↓↓↓

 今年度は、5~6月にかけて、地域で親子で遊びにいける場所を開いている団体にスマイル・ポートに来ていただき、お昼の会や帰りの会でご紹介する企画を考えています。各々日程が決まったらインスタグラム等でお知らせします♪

↑↑↑
↓↓↓

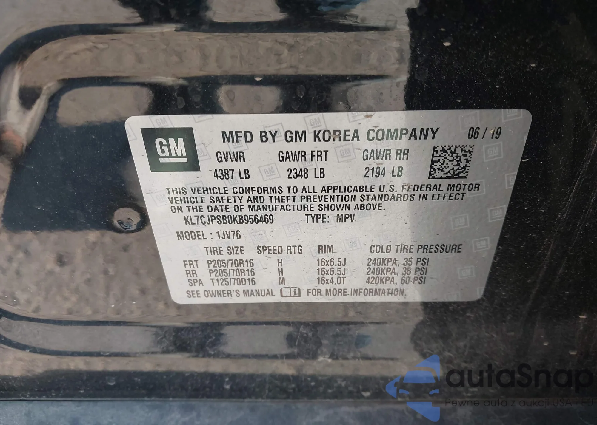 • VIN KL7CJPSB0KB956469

↑↑↑
↓↓↓

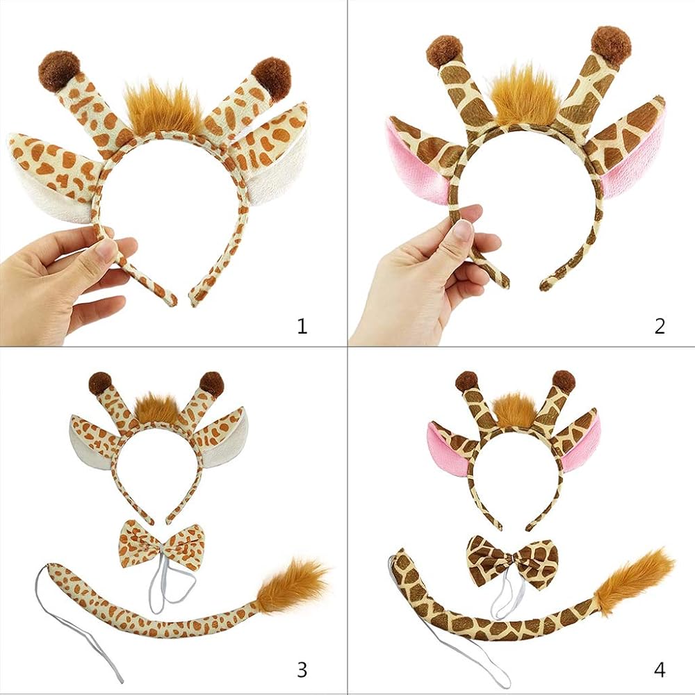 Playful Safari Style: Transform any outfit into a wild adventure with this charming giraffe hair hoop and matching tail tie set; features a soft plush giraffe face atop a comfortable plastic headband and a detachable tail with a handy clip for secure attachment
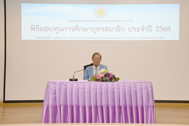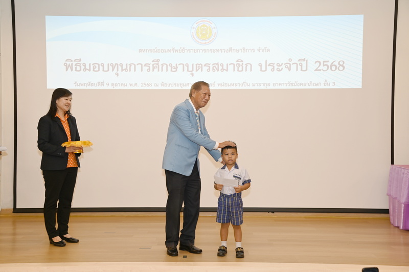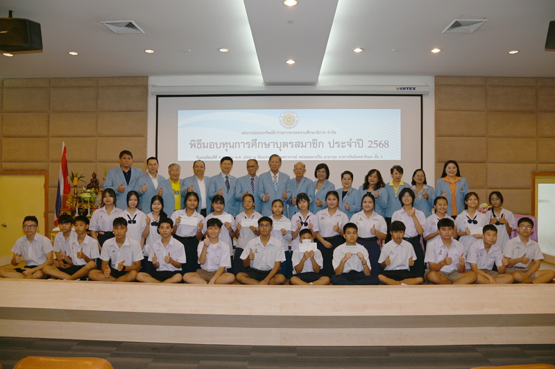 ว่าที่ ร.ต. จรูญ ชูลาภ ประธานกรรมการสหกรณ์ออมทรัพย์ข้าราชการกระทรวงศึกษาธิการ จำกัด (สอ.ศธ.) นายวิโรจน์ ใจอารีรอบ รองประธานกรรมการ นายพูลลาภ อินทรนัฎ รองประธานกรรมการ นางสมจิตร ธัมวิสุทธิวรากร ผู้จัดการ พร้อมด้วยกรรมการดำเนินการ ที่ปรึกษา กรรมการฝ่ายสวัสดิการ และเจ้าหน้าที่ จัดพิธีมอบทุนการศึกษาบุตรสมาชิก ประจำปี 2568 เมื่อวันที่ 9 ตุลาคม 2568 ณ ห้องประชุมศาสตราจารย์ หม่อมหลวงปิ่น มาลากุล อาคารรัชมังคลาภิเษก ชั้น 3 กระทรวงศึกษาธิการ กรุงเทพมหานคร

↑↑↑

Task description |
Leaving pictures out, output the lines of the data above from the one with "Playful Safari Style: Transform" through the one with "ว่าที่ ร.ต. จรูญ", word for word.

Response area |
 Playful Safari Style: Transform any outfit into a wild adventure with this charming giraffe hair hoop and matching tail tie set; features a soft plush giraffe face atop a comfortable plastic headband and a detachable tail with a handy clip for secure attachment
 ว่าที่ ร.ต. จรูญ ชูลาภ ประธานกรรมการสหกรณ์ออมทรัพย์ข้าราชการกระทรวงศึกษาธิการ จำกัด (สอ.ศธ.) นายวิโรจน์ ใจอารีรอบ รองประธานกรรมการ นายพูลลาภ อินทรนัฎ รองประธานกรรมการ นางสมจิตร ธัมวิสุทธิวรากร ผู้จัดการ พร้อมด้วยกรรมการดำเนินการ ที่ปรึกษา กรรมการฝ่ายสวัสดิการ และเจ้าหน้าที่ จัดพิธีมอบทุนการศึกษาบุตรสมาชิก ประจำปี 2568 เมื่อวันที่ 9 ตุลาคม 2568 ณ ห้องประชุมศาสตราจารย์ หม่อมหลวงปิ่น มาลากุล อาคารรัชมังคลาภิเษก ชั้น 3 กระทรวงศึกษาธิการ กรุงเทพมหานคร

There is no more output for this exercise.